Privilege Was Everywhere at the RSA Conference

We’re back from a whirlwind week at the RSA Conference – and what a week it was! This year broke attendance records as security pros from around the globe traveled to San Francisco to listen to more than 700 speakers in more than 400 sessions on a wide range of topics from today’s dramatic infosec talent shortage to the critical need to keep our kids safer online to our own popular session on “Privileged Account Exploits – the Point of No Return.” Now that we’re back – and in between catching up on email (and sleep!) – we reflect on some of this year’s highlights:

Numerous sessions, panels and one-on-one conversations throughout the conference underscored the hard, cold truth that attackers will find a way to get inside your organization, no matter how you try to stop them. As the focus has shifted to the battle within the network, many security researchers, practitioners and vendors alike have observed a common attack link: privileged account exploits. So while you don’t know who and you don’t know when, you do know what motivated attackers are after. This year, we saw a surge of attendees seeking innovative ways to break the attack chain by defending what really matters. And from the moment the show floor opened to the second it closed, the CyberArk booth was jam-packed with people participating in interactive demonstrations of our Privileged Account Security Solution to learn how to better protect against, detect and respond to attacks, before they strike vital systems and jeopardize business.

Privileged accounts grant extensive control over sensitive data and IT systems. They’re pervasive in every organization, they’re often over-looked and they can be powerful weapons in the wrong hands. Recent, highly publicized pass-the-hash attacks targeting privileged accounts from Anunak/Carbanak to Sands show how these exploits have grown increasingly sophisticated. So it’s no wonder our RSA session, “Privileged Account Exploits – the Point of No Return,” delivered by Adam Bosnian and Yair Sade was so crowded – we couldn’t even get into the room to take a picture! In addition to exploring a series of real-world attack scenarios and pinpointing the common attack denominator, attendees walked away with actionable steps for stopping advanced threats by blocking the privileged account pathway.
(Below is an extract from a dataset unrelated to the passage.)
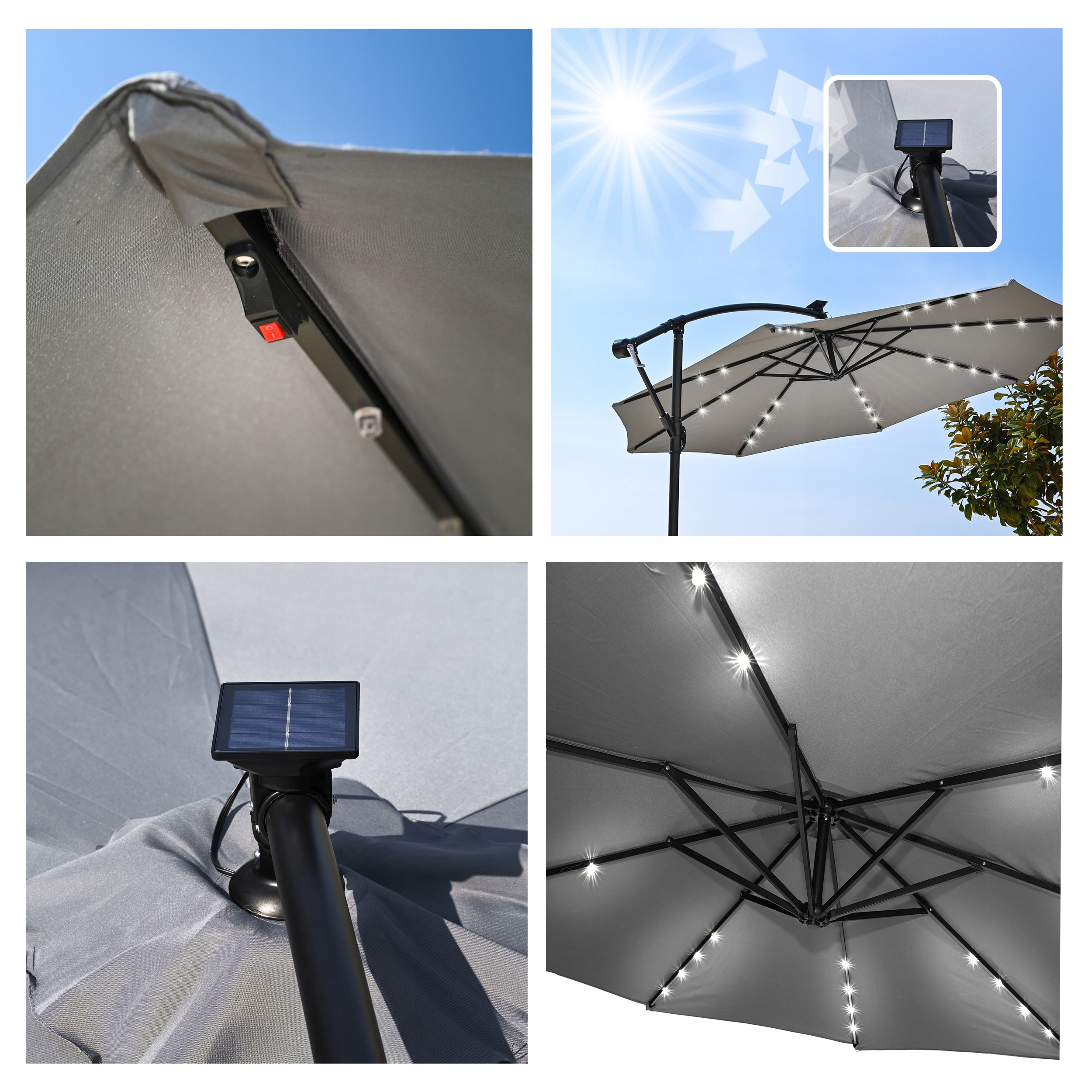 Parasol został wyposażony w zintegrowane lampki LED zasilane energią słoneczną, które automatycznie włączają się po zmroku. Tworzą one przyjemną, klimatyczną atmosferę, idealną na wieczorne spotkania na świeżym powietrzu – bez konieczności podłączania do prądu.
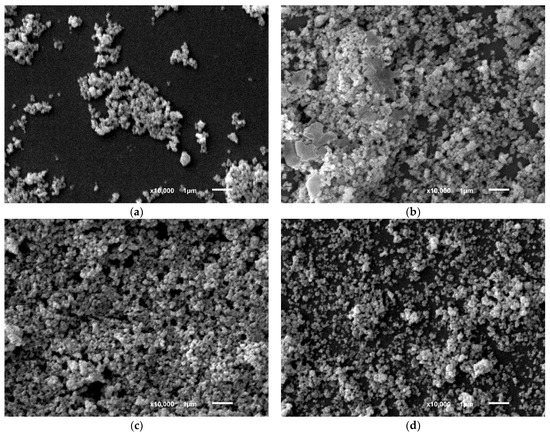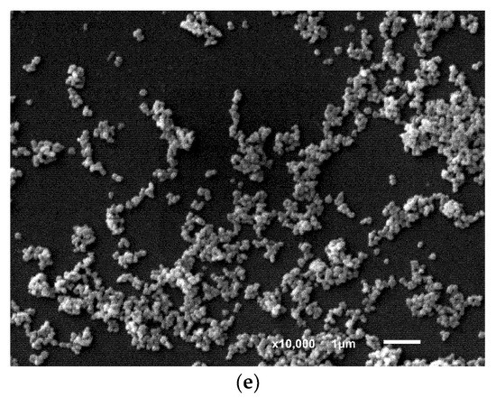 After fixing the solid loading level in the zirconia slurry to 100 wt.%, the effects of a change in the average particle size on the characteristics of the reticulated porous zirconia were investigated. When the number of particles in the ceramic slurry is constant, the viscosity of the ceramic slurry increases as the particle size becomes finer. Therefore, the authors attempted to utilize the ball-milling process to create a finer size and observed the effects of the particle size. The microstructures of the zirconia particles obtained with different ball-milling times of 0, 1, 4, 8, and 24 h are shown in Figure 3. The microstructure of the zirconia particles after ball-milling for 4 h shows an uneven particle distribution, but it was also noted that many particles approximately 0.5 µm or less in size are distributed throughout the specimen. Furthermore, an examination of the zirconia particles ball-milled for 24 h showed that the particle distribution is uniform and consists of spherical particles. These results indicate that the cohesion of the primary particle size of the raw material was reduced and that more uniform zirconia powder can be prepared using the ball-milling process.

Privileged account credential security – or lack thereof – was a highly prevalent discussion driver throughout the week. In fact, CSO’s Steve Ragan pointed to insecure credentials as one of the top three themes for the whole show. He cites an RSA talk that revealed millions of point-of-sale (POS) systems used around the world are vulnerable today because they are protected by the same default password that hasn’t been changed for 20 years. Making matters worse, many of these vendor’s customers have never changed this password on their PoS systems once they have shipped. This revelation is just one example of how off-the-shelf software has exacerbated the already complex privileged account challenge for organizations. Edward Snowden may have said it best when he remarked to HBO’s John Oliver earlier this month in an interview from Russia, “Bad passwords are one of the easiest ways to compromise a system. For someone who has a very common, eight-character password, it can literally take less than a second for a computer to go through the possibilities and pull that password out.”

PrivilegePinAnd last but not least, the accessory du jour at this year’s RSA Conference was the blue CyberArk “Privilege Is Everywhere” pin, which helped illustrate the pervasiveness of privileged accounts throughout the enterprise – from a network’s infrastructure to applications and into the cloud – and reflect a top-of-mind challenge for many RSA attendees this year.

Thanks to our customers, colleagues and peers for another fantastic RSA show. See you next year!